The police chief cleared his throat. “Seems to me,” he said, his voice a leisurely drawl, “we need to talk to your former employee, Dr. Jennings. It’s entirely possible that she wrote out two deposit slips on these occasions. One with the correct amount on it for your records, another with the actual amount she deposited.”
Jennings glared at him. “You’re blaming my girl.” “I’m not blaming anyone—including Ms. McBride,” the chief replied. “I’m simply saying we have to consider all the angles.”
“I can produce paperwork proving I deposited the full amounts I was given,” Emily volunteered, grateful that Davenport didn’t seem to be in a hurry to haul her off to jail.
“It would be just as easy for you to fake paperwork as it would’ve been for Tammy,” Jennings retorted.
Emily met his eyes without blinking. “But I didn’t.”
To her satisfaction, Jennings was the first to look away. “You aren’t going to do anything about this?” he demanded of Davenport.
The police chief nodded. “I’ll look into it. I’ll need the name and new address of your former employee, and of course I’ll want to see all the paperwork.”
“I—er—don’t know where Tammy is now,” Jennings muttered. “I’ve tried to contact her a couple of times, but I can’t seem to locate her.”
“Sounds to me like you’ve got a lot more reason to suspect Tammy than Emily,” Marshall Hayes commented, gi
ving her a reassuring nod.
Emily knew exactly why Sam Jennings would rather suspect her than his former employee. Emily was a McBride. Daughter of Nadine, sister of Lucas. That was reason enough for Sam Jennings to accuse her of all manner of sins.

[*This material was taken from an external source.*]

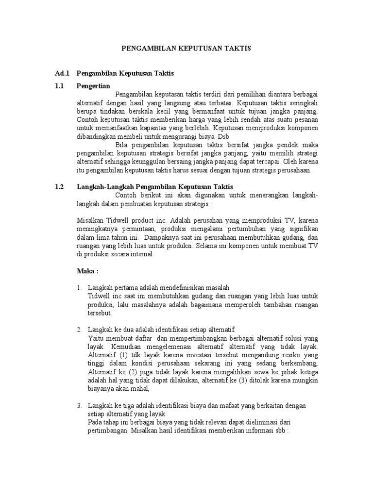Contoh pengambilan keputusan dalam perusahaan. Pak darwin adalah seorang menejer keuangan pada pt. Dari contoh kasus tersebut phil selaku ketua dewan direksi mengambilkeputusan dengan tipe keputusan tidak terprogram karena keputusan tersebut baru dan tidak tersusun. Dan tentunya dalam pengambilan keputusan keputusan keputusan tersebut harus dipikirkan secara matang terlebih dahulu agar tidak merugikan perusahaan tersebut dan pihak pihak yang terkait. Pekerjaan pada devisi keuangan mengharuskan pak darwin harus cermat dalam menginvestasikan serta mengolah keuangan pada pt. Sebelum membahas tentang strategi dan contoh kasus pengambilan keputusan dalam organisasi alangkah baiknya kita ketahui dulu apa itu pengambilan keputusan. Gaya pengambilan keputusan yang diterapkan adalah manajer mengambil keputusan sendiri berdasarkan masukan informasi yang diterima.

She looked pointedly at her watch. “If there’s nothing else I can do for you now, I need to get back to work. Friday afternoons are our busiest time.”
“Go ahead, Emily,” Hayes said promptly. “I think you’ve given us all the information we need for now, don’t you agree, Chief?”
Davenport nodded, looking at Emily with thoughtful brown eyes. “Thank you for your cooperation, Ms. McBride. I’ll be in touch if I need anything more.”
“You’re going to just let her go off and handle other people’s money?” Jennings asked Hayes with a show of incredulity.
“Yes,” the bank president answered. “I am. Chief?”
“I have no further reason to detain her,” Davenport agreed, to Jennings’s visible disgust. “I assume Dr. Jennings is aware that he shouldn’t be publicly casting blame while the investigation is ongoing.”
Jennings scowled.
Emily nodded, turned on one heel and left the office. She didn’t speak to Sam Jennings on the way out. Nor did she look at the police chief again. But she was aware that both men watched her until she was out of their sight.
She could hardly take in the fact that she had just been accused of embezzlement. Surely no one who knew her could ever believe such a thing. And yet...she was a McBride. McBrides had been falsely accused before. Her brother Lucas. Her cousin Savannah. No one had believed claims of innocence from either of them.
Would anyone believe Emily if Sam Jennings persisted in his allegations? Or would they see her as just another McBride turned bad?
2
OLIVER WENT NUTS when Emily’s doorbell rang Sunday afternoon, just before four o’clock. The little gray poodle yapped and bounced in front of the door, ferociously warning off potential invaders.